SA Practical Food Guide for MADD Weight Management
- Good protein choices: Skinless chicken breast, hake, kingklip, canned tuna in water, egg whites, low-fat amasi, low-fat cottage cheese, lentils, sugar beans, soya mince, chickpeas
- Safe carbohydrates: Plain pap (maize meal) in controlled portions, brown rice, sweet potato, whole-grain bread (without excessive fat), oats, fruit (apple, banana, orange, guava)
- Fat moderation: Use small quantities of sunflower or canola oil for cooking. Avoid deep-fried foods, fatty braai meats, cream sauces, butter in excess, and full-fat cheese.
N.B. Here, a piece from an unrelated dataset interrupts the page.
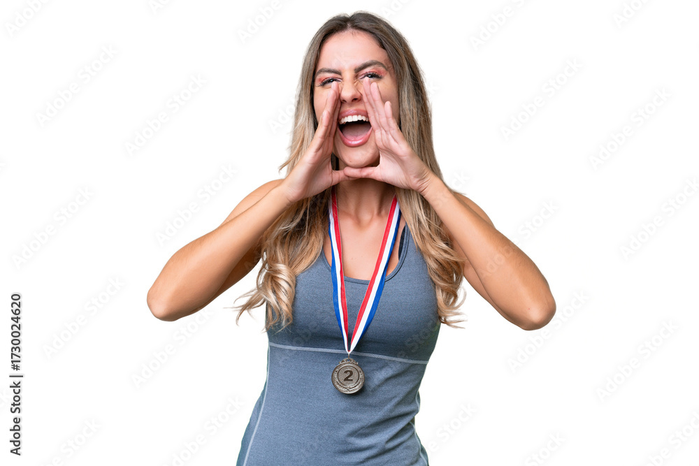 Young pretty sport Uruguayan woman with medals over isolated background shouting and announcing something

- MCT oil: If prescribed, count its calories within your daily budget. Typically added to porridge or rooibos tea.
- Traditional SA foods that are safe: Umngqusho (samp and sugar beans — a high-protein, moderate-fat staple), grilled lean biltong (lean cuts, moderate portion), phutu pap (dry crumbled maize meal), morogo (wild spinach — low calorie, high micronutrient)
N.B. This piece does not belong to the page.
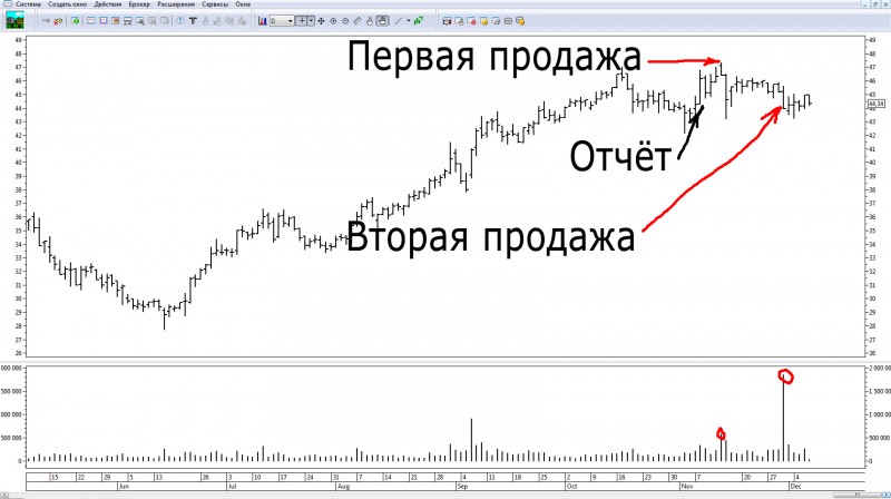 Но как знает любой здравомыслящий трейдер, верить никому нельзя. Открываем график и смотрим, что происходит на рынке. Выходит отчет за 3 квартал 2017 года. Рынок идет вверх, но тут начинаются первые продажи. Вроде бы пока ничего страшного нет. Но 30 ноября происходит вторая волна продаж, и объем ее просто колоссальный. Торговый оборот за этот день самый большой за все время присутствия ММК на бирже!!!

- Avoid: Large portions of braai fatty boerewors, beef ribs, pork belly; deep-fried koeksisters or doughnuts; full-fat cheese and cream; very large fatty biltong portions if symptomatic
Monitoring During Weight Loss
- Acylcarnitine profile every 3–6 months during dietary changes; more frequently if symptoms change
- Urine organic acids annually or if symptomatic
- CK (creatine kinase) — an elevated CK indicates active muscle damage; if CK rises during weight loss and exercise, reduce exercise intensity and review fat restriction
- Liver function tests — fatty infiltration of the liver is common in MADD; monitoring liver enzymes guides dietary adjustment
- Riboflavin levels and clinical response tracking
- Free carnitine levels — secondary carnitine deficiency is common in MADD and impairs fat metabolism further; L-carnitine supplementation may need adjustment during weight loss
Metabolic follow-up in South Africa is available at major academic hospitals. For adults, the inherited metabolic disease clinic at Charlotte Maxeke Johannesburg Academic Hospital or the metabolic unit at Red Cross War Memorial Children's Hospital (if transitioning to adult care) are the primary referral centres. Riboflavin-responsive MADD may also be managed by a neurologist experienced in metabolic myopathies.
Summary
MADD (Glutaric Aciduria Type 2) is a heterogeneous disorder with management that varies dramatically by phenotype and riboflavin responsiveness. For late-onset riboflavin-responsive patients, weight loss is achievable with a 300–500 kcal/day deficit through fat moderation and carbohydrate portion control, alongside continued riboflavin supplementation and L-carnitine if prescribed. For severe phenotypes, any caloric deficit must be minimal and medically supervised. The critical differentiator is whether your specific ETFDH (or ETFA/ETFB) mutation responds to riboflavin — if you have not been formally assessed for riboflavin responsiveness, this should be the first conversation with your metabolic team. Never stop riboflavin supplementation without medical guidance, avoid large high-fat meals, and monitor CK as a proxy for muscle stress during dietary changes. Always consult your metabolic physician and dietitian before making any dietary changes.
This article is for informational purposes only and does not constitute medical advice. All dietary management for Glutaric Aciduria Type 2 / MADD must be supervised by a qualified metabolic physician and dietitian.